TASK PROMPT ▸ Of the material below, the lines to be retyped are those from the line containing "Koncepcja technologii kwantowej." through the line containing "Sort into Containers: The", inclusive; reproduce them exactly.

*** Opening of ENTRIES SHOWN ***

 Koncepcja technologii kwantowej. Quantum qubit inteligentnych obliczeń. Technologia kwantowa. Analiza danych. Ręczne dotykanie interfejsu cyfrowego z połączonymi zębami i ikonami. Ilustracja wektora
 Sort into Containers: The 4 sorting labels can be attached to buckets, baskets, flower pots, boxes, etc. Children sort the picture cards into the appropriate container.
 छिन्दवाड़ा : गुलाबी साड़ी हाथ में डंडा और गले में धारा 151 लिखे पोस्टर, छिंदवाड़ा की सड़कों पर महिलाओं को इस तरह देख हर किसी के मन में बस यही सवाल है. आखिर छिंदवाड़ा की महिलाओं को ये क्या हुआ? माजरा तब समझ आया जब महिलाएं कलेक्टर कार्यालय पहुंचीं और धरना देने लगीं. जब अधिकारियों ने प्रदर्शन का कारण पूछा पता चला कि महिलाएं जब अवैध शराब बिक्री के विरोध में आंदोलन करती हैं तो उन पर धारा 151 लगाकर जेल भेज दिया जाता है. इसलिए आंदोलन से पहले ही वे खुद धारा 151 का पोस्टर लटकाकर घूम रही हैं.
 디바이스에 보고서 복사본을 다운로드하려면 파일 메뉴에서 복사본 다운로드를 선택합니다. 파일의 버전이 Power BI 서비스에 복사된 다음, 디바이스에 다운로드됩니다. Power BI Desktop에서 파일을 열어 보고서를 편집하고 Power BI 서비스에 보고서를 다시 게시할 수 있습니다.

*** Close of ENTRIES SHOWN ***
*** Opening of ENTRIES SHOWN ***

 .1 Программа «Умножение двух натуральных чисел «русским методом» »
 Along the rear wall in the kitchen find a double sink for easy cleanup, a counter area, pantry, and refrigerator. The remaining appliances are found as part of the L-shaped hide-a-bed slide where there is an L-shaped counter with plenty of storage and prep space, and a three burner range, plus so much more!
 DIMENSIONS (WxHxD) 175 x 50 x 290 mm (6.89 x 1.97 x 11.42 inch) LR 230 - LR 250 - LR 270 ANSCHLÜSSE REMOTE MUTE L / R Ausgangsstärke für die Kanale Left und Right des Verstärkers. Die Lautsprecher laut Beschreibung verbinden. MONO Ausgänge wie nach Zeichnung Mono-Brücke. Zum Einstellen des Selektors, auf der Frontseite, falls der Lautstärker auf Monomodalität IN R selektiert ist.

*** Close of ENTRIES SHOWN ***

ANSWER FOR THE TASK ▸
 Koncepcja technologii kwantowej. Quantum qubit inteligentnych obliczeń. Technologia kwantowa. Analiza danych. Ręczne dotykanie interfejsu cyfrowego z połączonymi zębami i ikonami. Ilustracja wektora
 Sort into Containers: The 4 sorting labels can be attached to buckets, baskets, flower pots, boxes, etc. Children sort the picture cards into the appropriate container.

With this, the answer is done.